Now, second-to-last out the pod, Russell O. Wood returned to the deep freeze, his miles of sunshine culminated. He’d served his planet well–time dilation, him. The United Space Force’d suppressed the Glieseian factions in six Earthen years. Discounting travel, he clocked in at twenty-five sharp. Shaven, impermeable, his decorated flack bottled bountiful joys.
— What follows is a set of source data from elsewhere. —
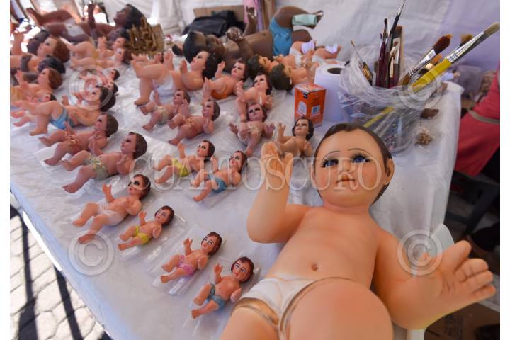 Reparadores de imágenes religiosas instaladas en el estacionamiento del Parque a Colosio, reparan las imágenes del Niño Dios para tenerlas listas para el 2 de Febrero Día de la Candelaria, las reparaciones van desde un dedo hasta rehacerlos nuevamente, los costos van desde los 30 pesos hasta los 250 ya dependiendo del daño que llevará, después de haber sido removidos del Jardín Zaragoza el trabajo ha bajado por lo que esperan que en los siguientes días lleguen más clientes. FOTO: CRISANTA ESPINOSA AGUILAR /CUARTOSCURO.COM
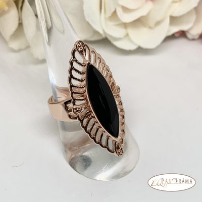 18 K Gold Filled antiallergén hosszú fejű pecsétgyűrű, közepén fekete kővel díszített!
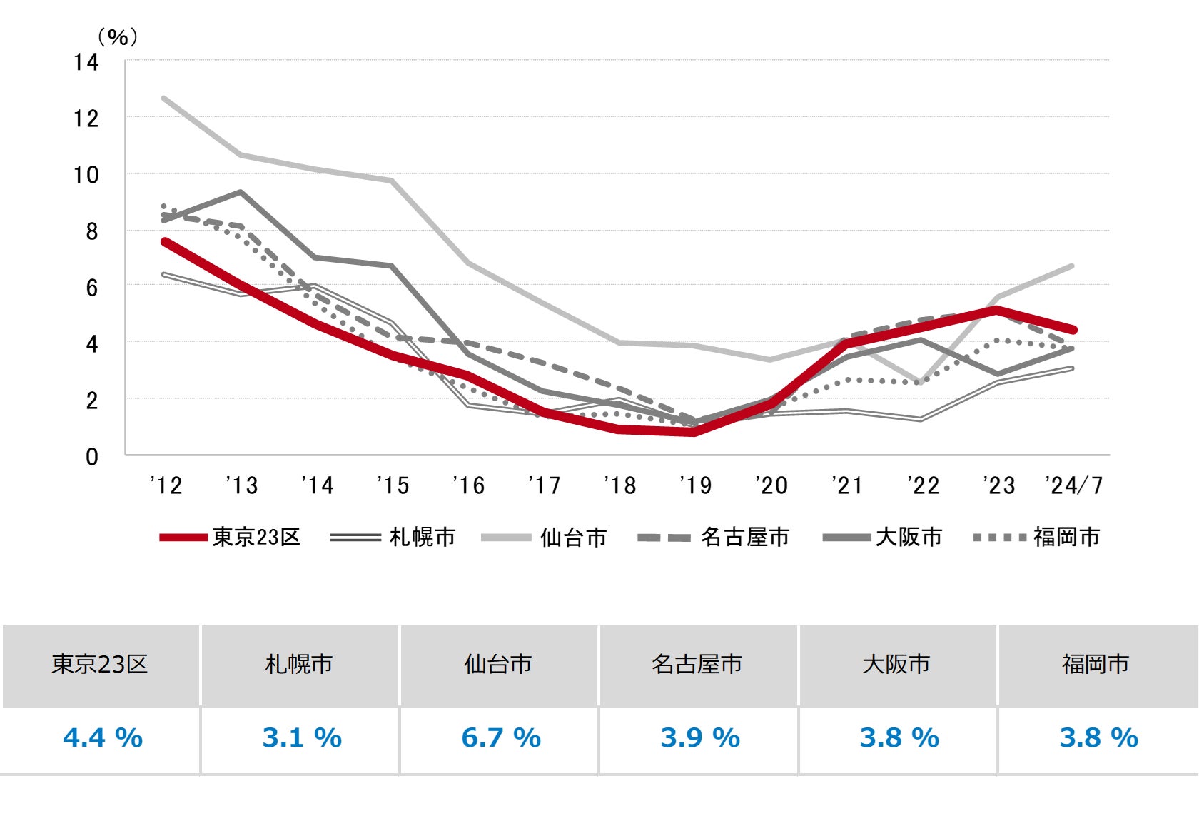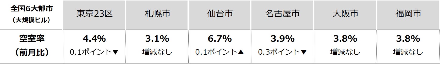 三幸エステート株式会社(本社:東京都中央区、取締役社長:武井重夫)は、2024年7月度の東京都心5区(千代田区、中央区、港区、新宿区、渋谷区)および全国6大都市(東京、札幌、仙台、名古屋、大阪、福岡)の大規模ビル※1のマーケットデータをまとめた「オフィスマーケット2024年8月号」を公表します。
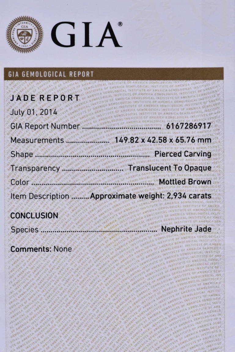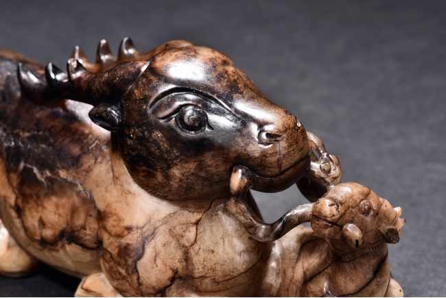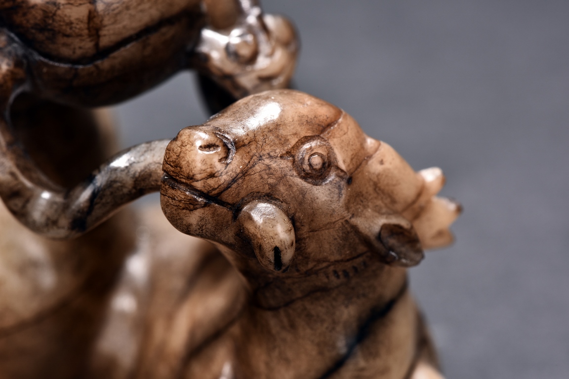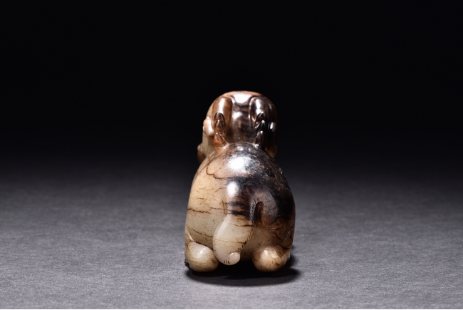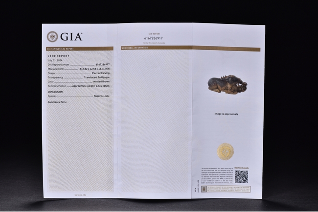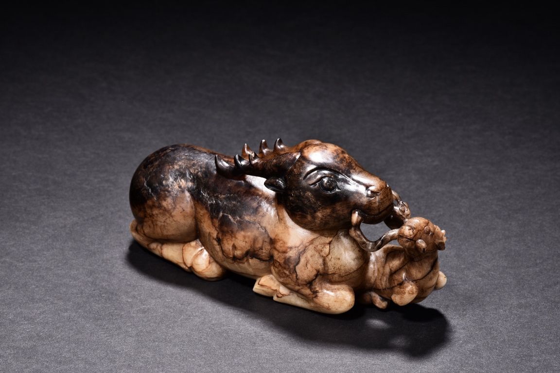 Shown seated with legs tusked under body, the deer is finely carved with two horns, its mouth grasping a child deer, facing to the side. One side is of caramel russet tone, to the other side is of extensive mottled brown tone. Accompanied with a GIA certificate. Yuan/Ming Dynasty period.

Behind him the shuttle spat pneumatics and wafted gaily over the street. Russell smiled. Followed his brothers. When he passed the old lady on the bench he tipped his starchy hat.

Recognition didn’t shoulder him. It fled the other way.

Halley sulked after him, remembering: He’s not here for Halley Cross, girl. He’s here for Halley Wood.

Sure as Sunday, Russell joined the defrost cue. Just like he’d always sworn.

Halley watched nakedly. A dozen war heroes flashed receipts–puppy love–or recited cryo-chamber numbers by heart–true love.

It went.

Wood’s turn. Halley bunched up, praying she wasn’t the only service fiancée to ever burn the Bridge of Time or deny being some spaceman’s icebox leftover. Maybe he’d forgotten that she was all he’d left behind.

True love. Russell Wood rattled off her lost chamber number.

The name’s wrong, sir. Confusion. Dismissal. Well check again. Miss Wood isn’t enrolled with us. Bullshit–she’s waiting. God bless you, sir. Now listen here! I’m so sorry, Captain.

Silence.

Russell Wood withered to a bench. The last of the pilots embraced him. He promised different words, then jogged through the booth to reclaim his Bitten sweetheart.

Wood sat alone. Unaged beyond hope, he cried into his hat.

Halley didn’t interject for eleven point five million miles. She thought back sixty-three years. On her family. Marrying Albert Cross. New friends and a life lived outside of frost and waiting.

Reawakening today, dated seventeen, would it have been fair pretending to love Russell back?

Answers didn’t come. Just rays, memories.

Standing to leave, Halley stooped and plucked a gilded flower. She approached and pressed it to his lapel.

Russell jerked at her gesture, then softened. “Ma’am?”

“Wear it, soldier,” Halley soothed, straightening florets. “With a sun like this she’ll find you.”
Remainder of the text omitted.